Recently, our paper titled “Rethinking Autoencoders for Medical Anomaly Detection from a Theoretical Perspective” has been accepted by MICCAI 2024. This paper provides a theoretical foundation for autoencoder-based anomaly detection methods, revealing the principles and design concepts of autoencoders for anomaly detection. The study demonstrates that minimizing the entropy of the latent space is crucial for preventing the reconstruction of anomalous regions. Experiments on four datasets with two image modalities validate our theoretical findings. To our knowledge, this is the first theoretical elucidation of the principles and design concepts of autoencoders for anomaly detection. The following is the detailed content of the paper.
Figure 1: Schematic of AE-based anomaly detection
As shown in Fig.1, AE \(\phi\) comprises an encoder \(f_e\) and a decoder \(f_d\). The encoder compresses the input image \(\mathbf{X} \in \mathbb{R}^{C \times H \times W}\) into a compact latent vector \(\mathbf{Z} = f_e(\mathbf{X}) \in \mathbb{R}^d\), and the decoder maps the latent vector back to the image space \(\hat{\mathbf{X}} = f_d(\mathbf{Z}) \in \mathbb{R}^{C \times H \times W}\).
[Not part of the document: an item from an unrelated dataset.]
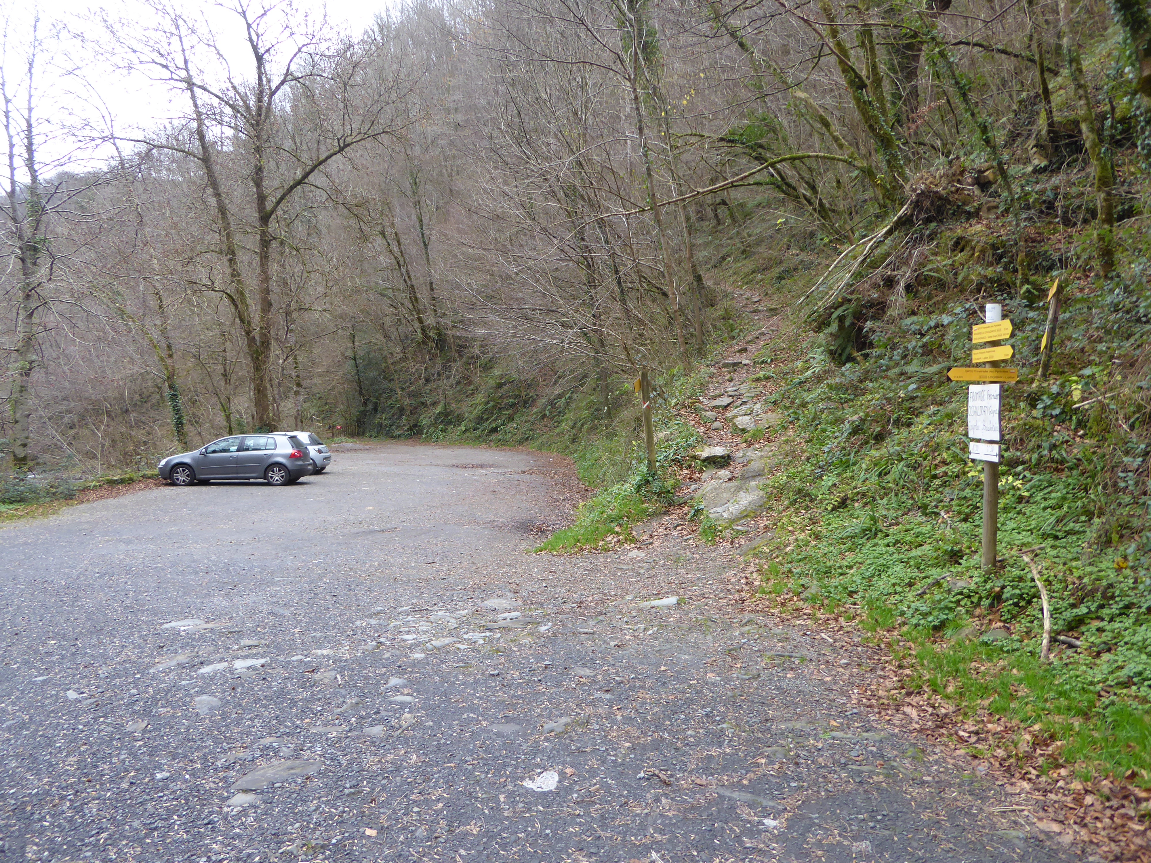 Pont d'Olhadübi (843 m) : traverser le pont puis suivre le chemin partant sur la droite direction Passerelle d'Holzarté, balisé en rouge et blanc

We formally denote the normal image as \(\mathbf{X}_n\) and the abnormal image as \(\mathbf{X}_a\). In the case of typical medical images like chest X-rays and brain MRIs, each abnormal image \(\mathbf{X}_a\) can be understood as the corresponding healthy version \(\mathbf{X}_n\) with the addition of lesion regions \(\delta\), i.e., \(\mathbf{X}_a = \mathbf{X}_n + \delta\). The training objective is to minimize the reconstruction loss on normal images:
\[\min \mathbb{E}[\Vert \phi(\mathbf{X}_n) - \mathbf{X}_n \Vert^2]\]Ideally, the trained model is expected to achieve the following goals:
\[\begin{align} & \hat{\mathbf{X}}_n = \phi(\mathbf{X}_n) \xrightarrow{} \mathbf{X}_n \\ & \hat{\mathbf{X}}_a = \phi(\mathbf{X}_a) = \phi(\mathbf{X}_n+\delta) \xrightarrow{} \mathbf{X}_n, \label{eq:obj2} \end{align}\]where \(\hat{\mathbf{X}}_n\) and \(\hat{\mathbf{X}}_a\) represent the reconstructions generated by AE. Consequently, the reconstruction error, \(\mathcal{A}_{rec}(\mathbf{X}) = \Vert \hat{\mathbf{X}} - \mathbf{X} \Vert^2\), will be \(\mathbf{0}\) if \(\mathbf{X}=\mathbf{X}_n\) and \(\delta^2\) if \(\mathbf{X}=\mathbf{X}_a\), thereby highlighting the abnormal regions.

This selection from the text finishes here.